> [SOURCE MATERIAL]:
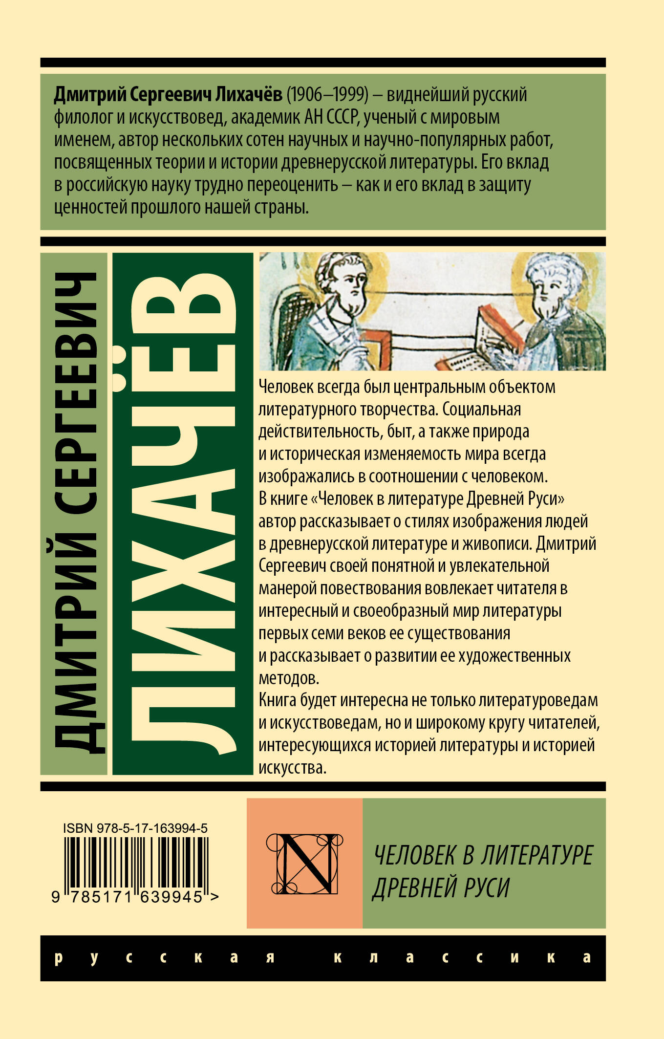 Человек всегда был центральным объектом литературного творчества. Социальная действительность, быт, а также природа и историческая изменяемость мира всегда изображались в соотношении с человеком. В книге "Человек в литературе Древней Руси" автор рассказывает о стилях изображения людей в древнерусской литературе и живописи. Дмитрий Сергеевич своей понятной и увлекательной манерой повествования вовлекает читателя в интересный и своеобразный мир литературы первых семи веков ее существования и рассказывает о развитии ее художественных методов. Книга будет интересна не только литературоведам и искусствоведам, но и широкому кругу читателей, интересующихся историей литературы и историей искусства.| Издательство | Издательство "АСТ" |
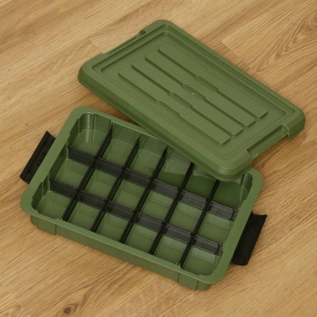 工具や日用品を収納しておくのに便利な収納ボックスです。細かい小物も仕切りで整理整頓でき、フタを閉めることで生活感を隠すことができます。ミリタリーテイストなデザインでリビングやキッチンなど見えるところに置いてもスタイリッシュさを保てます。
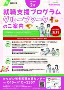 2月のグループワークのご案内 2026年01月17日 掲載 かながわ若者就職支援センターで開催する就職支援プログラム(グループワーク)のご案内を掲載しました。 2月のグループワーク 下記をクリックしてご覧ください(PDF形式) 現在予約可能なグループワーク Webからの予約はこちらをクリック
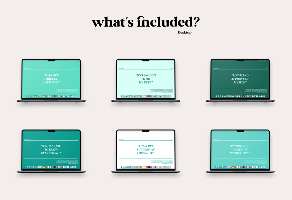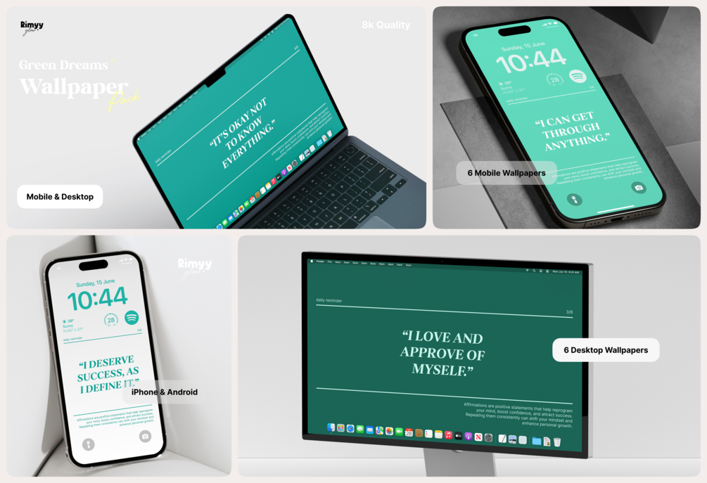 Featuring 6 sleek, luxurious wallpapers for mobile and 6 for desktop, each design pairs soothing green tones with powerful affirmations to inspire balance, growth, and inner peace.
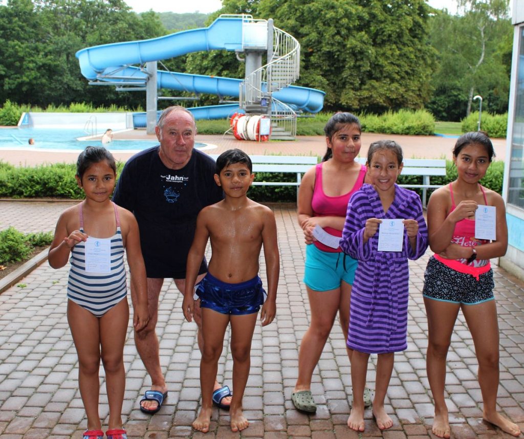 Insgesamt 28 Teilnehmer konnten erfolgreich den Schwimmkurs beenden, darunter 12 Flüchtlingskinder. Alle erhielten vom ehemaligen Schwimmmeister Klaus Gudewill die Urkunden für das bestandene Seepferdchenabzeichen.
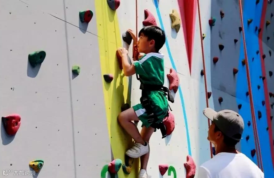 在星执学校,攀岩纳入了体育校本课程。此外,还有大型蹦床、翻滚单车这些在其他学校非常罕见的运动项目也纳入了校本课程。
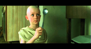 Neo sabe que es cierto todo lo que le está diciendo Morfeo; que tiene una astilla en el cerebro, en el corazón, en la consciencia, que no le deja vivir. En la película, esa inquietud y esa extrañeza tiene el nombre de Matrix, un mundo irreal fabricado: «Es un mundo con el que te han tapado los ojos para que no puedas ver la verdad.»
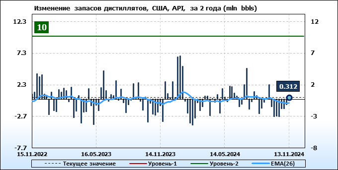 Запасы дистиллятов в США по данным института API выросли на 0.312 млн. баррелей.
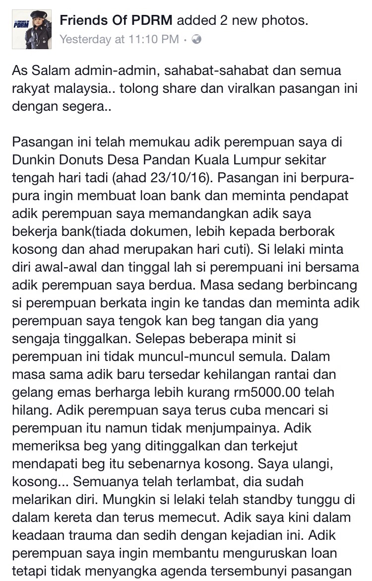Maklumat lanjut mengenai kejadian itu dikongsi abang mangsa di media sosial yang turut dimuat naik Friends of PDRM di Facebook, malam tadi.
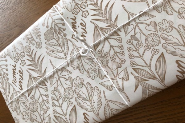 細かく植物が描かれたラッピングぺーパーも素敵です。
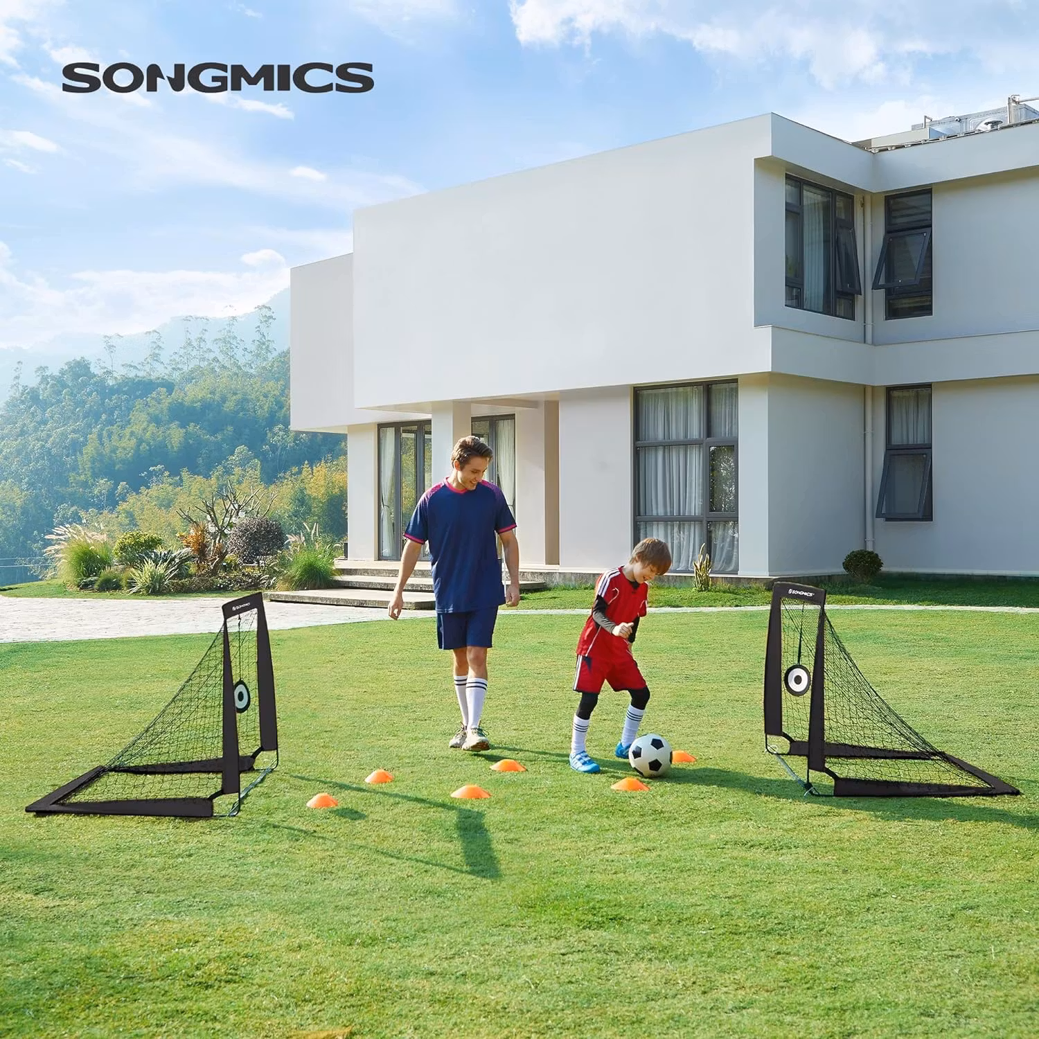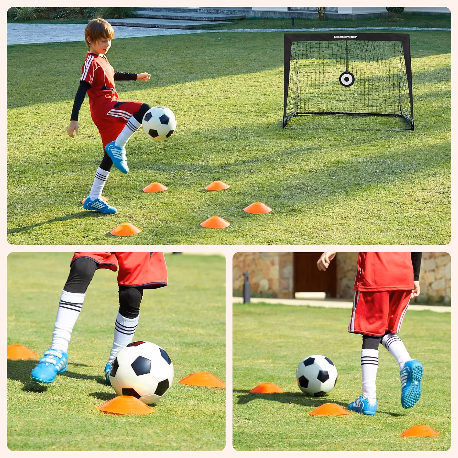 Songmics Fotbollsmål 2-Pack erbjuder den perfekta plattformen för att skärpa fotbollsfärdigheter. Med glasfiberstavar och J-formade markankare för extra stabilitet, är dessa mål idealiska för intensiv träning. Setet inkluderar en målskiva för att förbättra träffsäkerheten och koner för dribblingsträning, vilket gör det till ett komplett träningsverktyg för aspirerande fotbollsspelare.
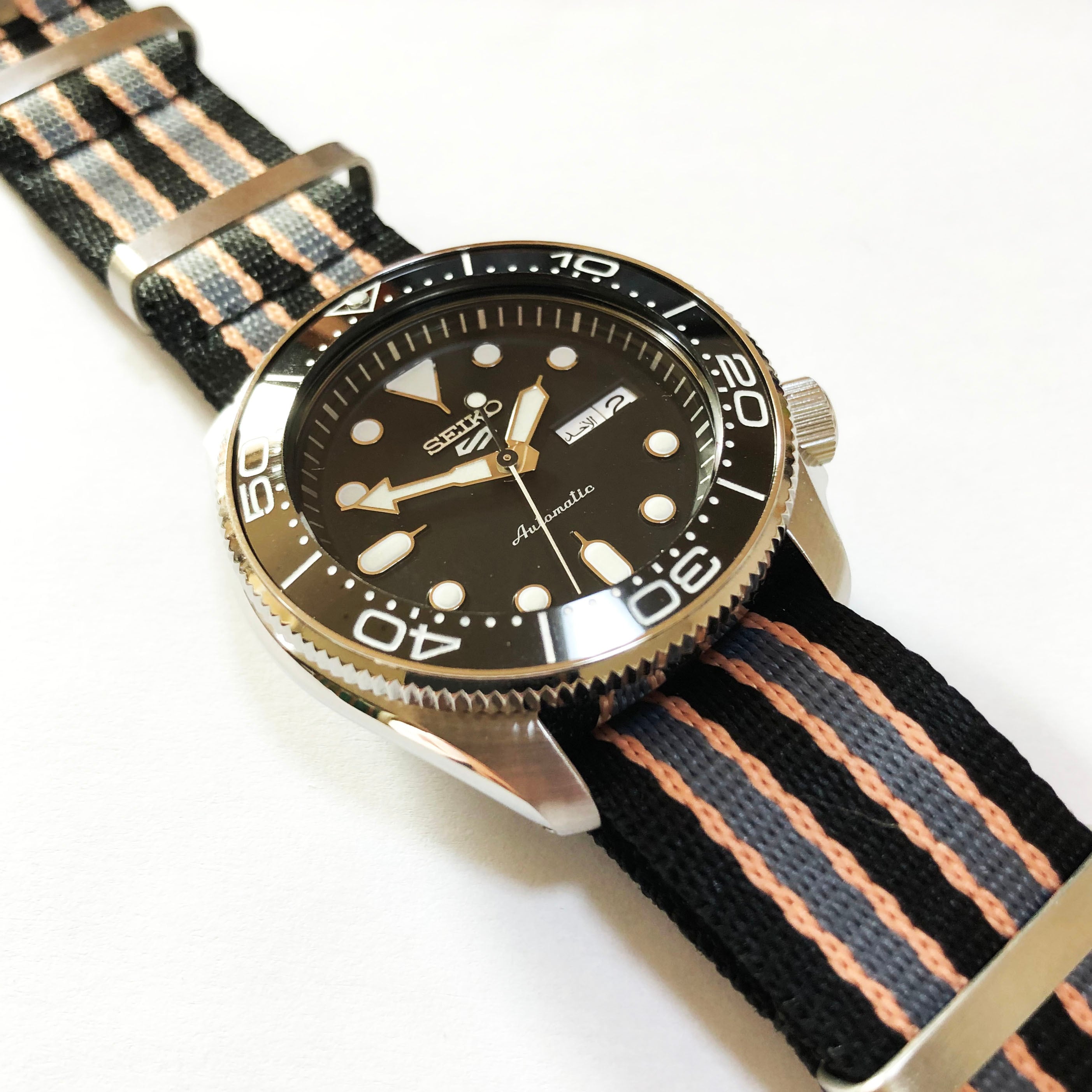 SEIKOダイバーズウオッチ、SKX007ブラックボーイ、SKX009ネイビーボーイ、SKX011オレンジボーイはもちろん、NEW Seiko 5 Sports SBSA##系、SRPD##系 など取付け幅22mmの時計に広く装着可能です。
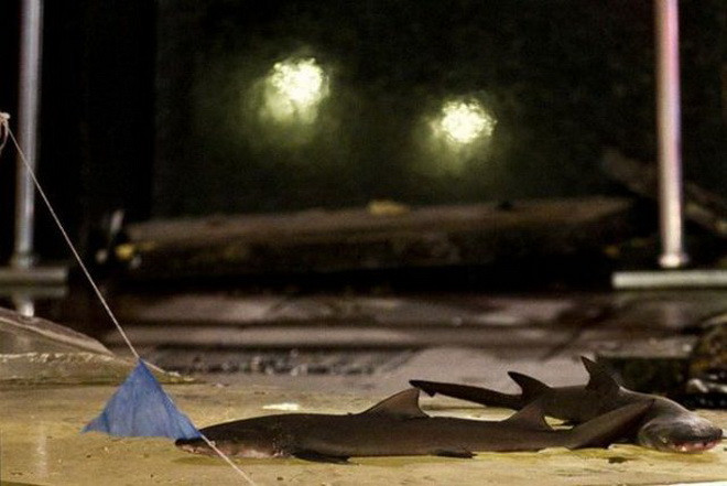Ba con cá mập chanh, rùa và nhiều loài cá nhỏ khác bị văng khắp sàn trung tâm thương mại Orient ở Thượng Hải.
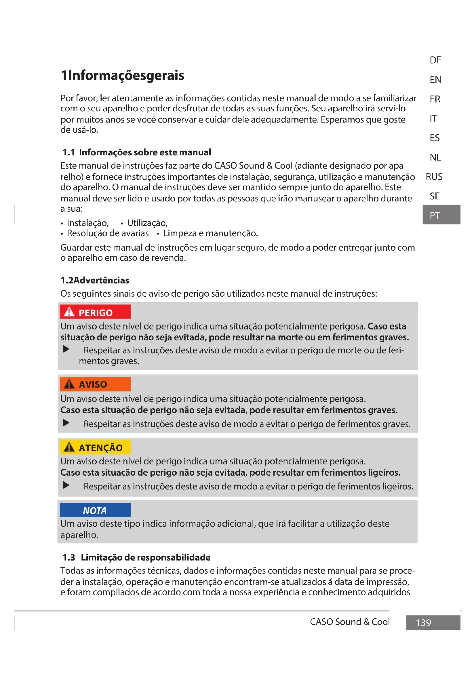 Este manual de instruções faz parte do CASO Sound & Cool (adiante designado por apa- relho) e fornece instruções importantes de instalação, segurança, utilização e manutenção do aparelho. O manual de instruções deve ser mantido sempre junto do aparelho. Este manual deve ser lido e usado por todas as pessoas que irão manusear o aparelho durante a sua:

> [TASK BRIEF]: Copy, exactly and exclusively, the lines beginning with the one that contains "Sports SBSA##系、SRPD##系 など取付け幅22mmの時計に広く装着可能です。" and ending with the last line of the listing; pictures are to be omitted.

> [OUTPUT]:
 SEIKOダイバーズウオッチ、SKX007ブラックボーイ、SKX009ネイビーボーイ、SKX011オレンジボーイはもちろん、NEW Seiko 5 Sports SBSA##系、SRPD##系 など取付け幅22mmの時計に広く装着可能です。
Ba con cá mập chanh, rùa và nhiều loài cá nhỏ khác bị văng khắp sàn trung tâm thương mại Orient ở Thượng Hải.
 Este manual de instruções faz parte do CASO Sound & Cool (adiante designado por apa- relho) e fornece instruções importantes de instalação, segurança, utilização e manutenção do aparelho. O manual de instruções deve ser mantido sempre junto do aparelho. Este manual deve ser lido e usado por todas as pessoas que irão manusear o aparelho durante a sua:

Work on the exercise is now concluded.